On another, less important note, I finally got to tank Maly yesterday! I've been trying to PuG a group there for some time (by some time, I mean a week and a half) when out of the blue I get an invite from my guild leader... and it's a full Eye of Eternity group. I had far too much fun strafe-tanking him around and feeling slick, and at the end of it all he dropped the Barricade of Eternity. An excellent night all around, even if my new internet connection is doing its best to drive me mad.

Saturday, 26 September 2009

3.2: The Aftermath

Frequently referred to as “the wellfare patch”, 3.2 caused Emblems of Conquest to drop here, there and everywhere rather than confining them to Ulduar25. On my priest, I heard plenty of complaints about how it was cheapening gear and undermining raiders but you know what? Me and my army of alts were happy to hear of it.

Gearing to a high level is now possible to do without raiding and without relying on luck with drops. All you do is gather little piles of Emblems of Conquest, hand them over to a vendor and receive item level 226 loot. As new tanks we should be cheering about this, right?

Well, yes. But as tanks we also happen to suffer from the new system too.

It's all down to player mindsets. When my brother's prot warrior first hit eighty, roughly three weeks after Wrath's release, he had 18k health and was considered a god amongst PuGers. After all, they had no one else to go to. Gear was secondary to simply filling a party slot. Now that we're months into Wrath, this obviously isn't the case; tanks have been gathering gear for a while so there are alternatives to the new eighty in his silly saronite cap.

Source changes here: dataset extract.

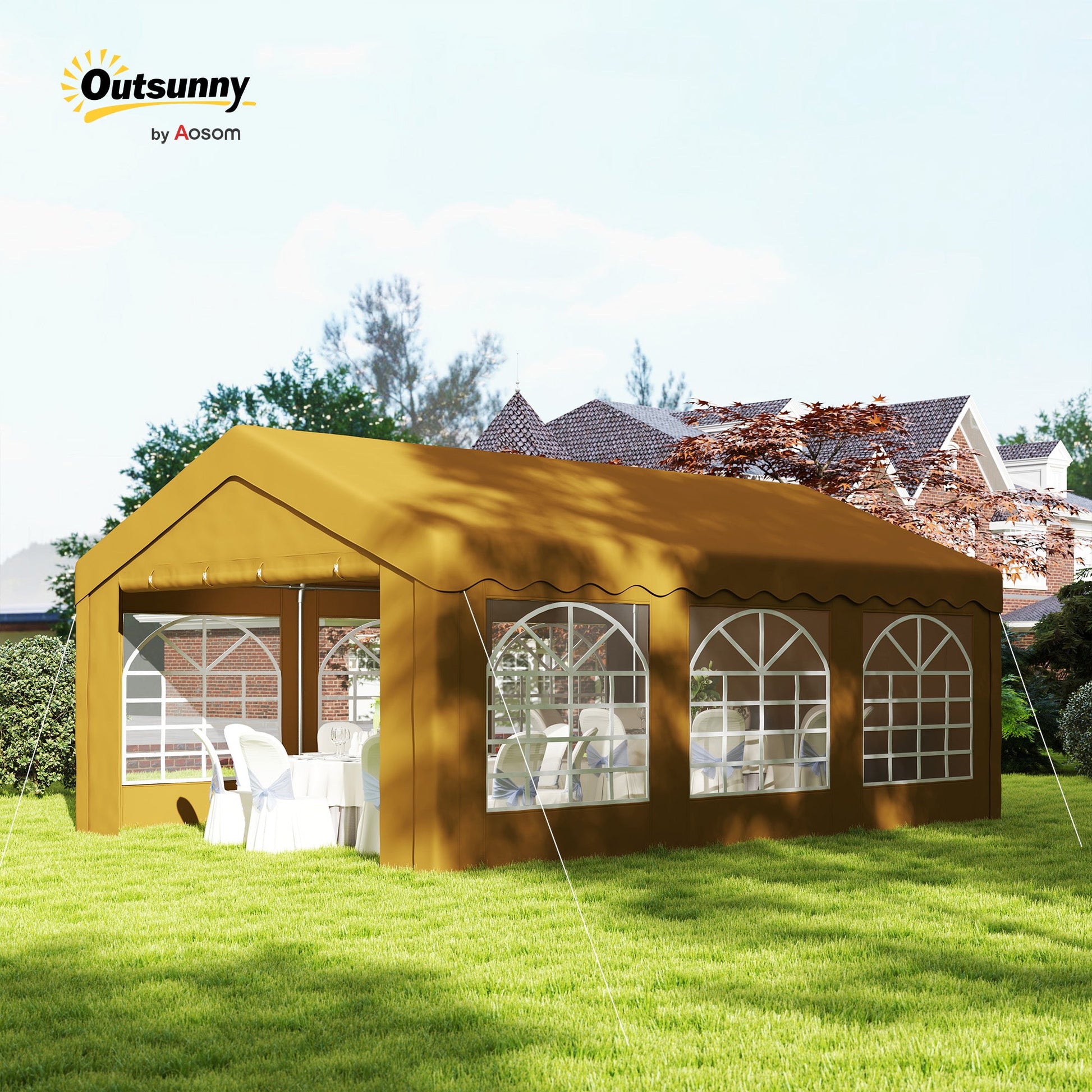 Outsunny 6m x 4m Marquee Party Tent Wedding Canopy, Pop Up Gazebo with Sidewalls, Doors, Windows, Galvanised Garden Gazebo for Parties Events, Yellow

He got da health, mon.3.2 takes this a step further: now the tank that reached eighty a week before you is also sporting 30k health as opposed to your 19k. And it doesn't stop there: your damage dealers are sitting around in epics too, which means 21k health for your plate wearers. Anyone who has ever witnessed the choosing of the main tank in VoA will probably already know exactly what this means.

Oh yes. Respect? You're going to have to dig for it.

There are a few ways to deal with those people who can't resist the chance to complain. First is simply to make your health look as impressive as possible. Keep Commanding Shout active even when you're sitting in a city waiting for the final member. Consider buying buff food too - shelling out for the good stuff is great if you have the cash, but otherwise there's a particular sort of buff food I've grown to love: the Pickled Fangtooth. A stack of twenty fangtooth usually goes for five gold on my server for one reason: no one actually uses mp5 food so there's no demand for it. However useless to casters it may be, however, that 40 stamina is a great boost for a new tank wanting to stave off nasty remarks and help out their healer.

The other tactic, of course, is to simply ignore them. If someone wants to be an ass about your perfectly heroic-viable 20k health, fine. Mentally brand them with the idiot stick and set out to prove them wrong. What you should never do is lie: if someone asks if you're in your DPS gear when you're actually in your tank gear, tell them the truth and be confident about it. Any other reply only makes it sound as if you don't feel you're ready, whilst simultaneously leading the healer on to expect an easier run than he's going to get.

What cheese?Quite simply, be aware that people are used to better gear than yours and be excited at the chance to try and overcome the difference through pure skill. If your trinkets have an on-use effect, use them on cooldown. Throw Vigilance on whichever party member has the highest threat. Use Shield Block and Shield Wall, Spell Reflect and Enraged Regeneration. Try to limit incoming damage with Concussion Blow and Disarm. Treat each pull like a boss fight in its own right, not through constant ready checking but through intelligent application of your skills. It might make you feel a tad silly for taking trash seriously but I assure you, using all your skills will help you to learn their keybinds properly... while convincing your group that you can still hold your own without all that purple.